Hacker News new | ask | show | jobs
by smiley1437 2862 days ago
> The latest EU diesel standards for passenger cars are actually on par with the gasoline standards. Don't know what the standards are for heavy trucks though.

Can we trust any of the big automotive manufacturers to actually meet those standards without cheating?

Look at how widespread the issue is [Dieselgate](https://www.cleanenergywire.org/factsheets/dieselgate-timeli...)

1 comments

Yes, because of Dieselgate. There is much more scrutiny now and the costs were high.
Not sure if they learned though

https://www.forbes.com/sites/davekeating/2018/07/26/carmaker...

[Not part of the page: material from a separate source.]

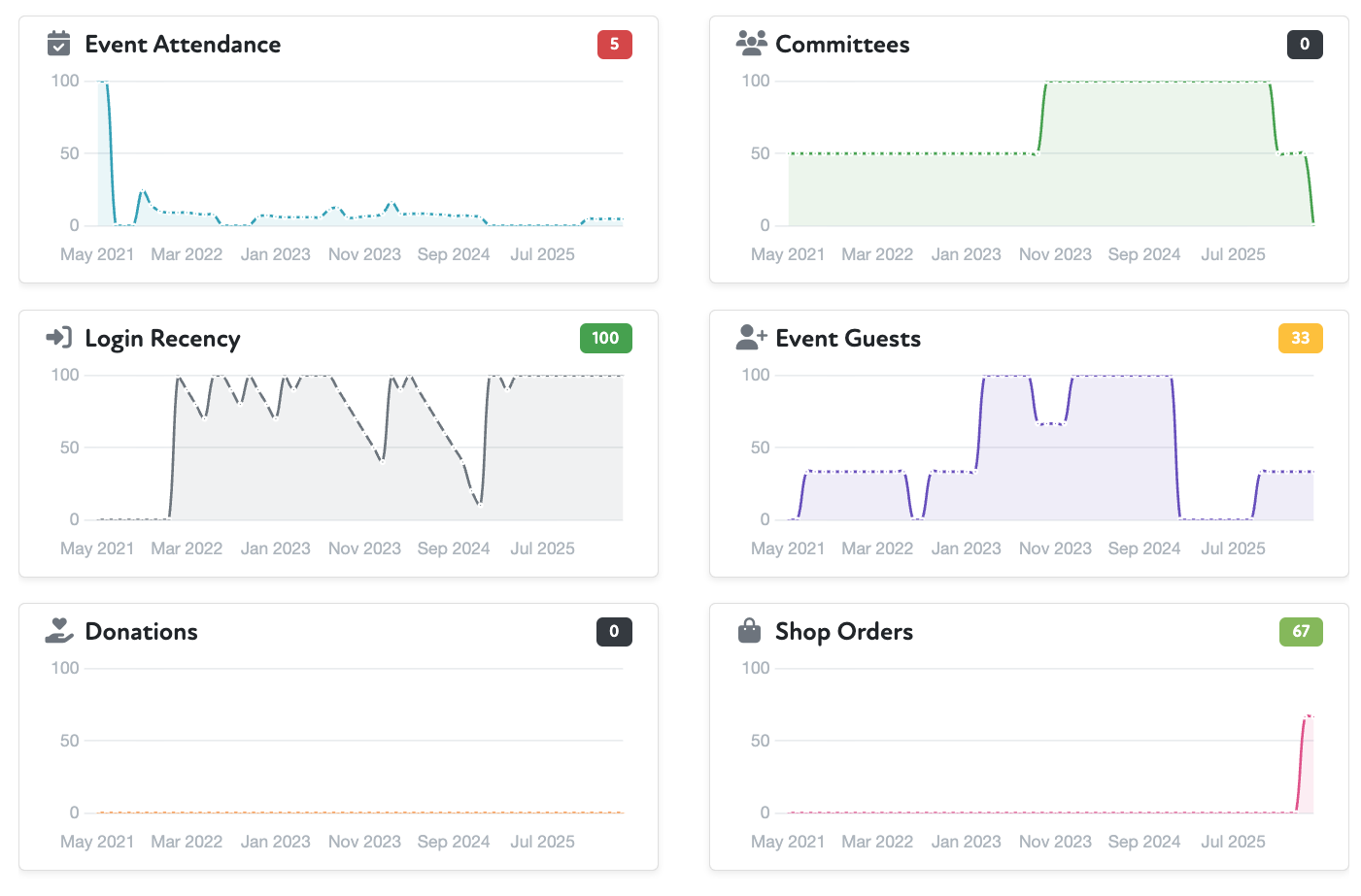 These charts make it easy to see which areas of engagement are improving or declining independently of the overall score. For example, a member's overall score might be stable, but their event attendance could be dropping while their committee participation is increasing.

> The automotive industry says it has cleaned up its act. But this week the European Union’s executive branch, the European Commission, revealed it has discovered a whole new form of cheating – this time on CO2 emission tests. The 2016 scandal concerned air pollution tests on diesel vehicles, where automakers were using so-called ‘defeat devices’ during tests to make the cars seem like they were emitting less pollution. Now, the carmakers are accused of doing the opposite – artificially inflating the level of carbon emissions produced by new cars coming onto the market now. Why would automakers want their cars to look more emissions-intensive than they are? Because a new EU law will require automakers to reduce their fleet average CO2 emissions by 15% by 2025 and 30% by 2030 – based on 2021 levels.

They've gamed the tests quite a bit over the years. Yet so far, even after all the scrutiny, VW is the only one that was actually caught cheating. VW is probably enjoying the muddy message everywhere that "everyone does it" but so far only VW has actually been found to be cheating.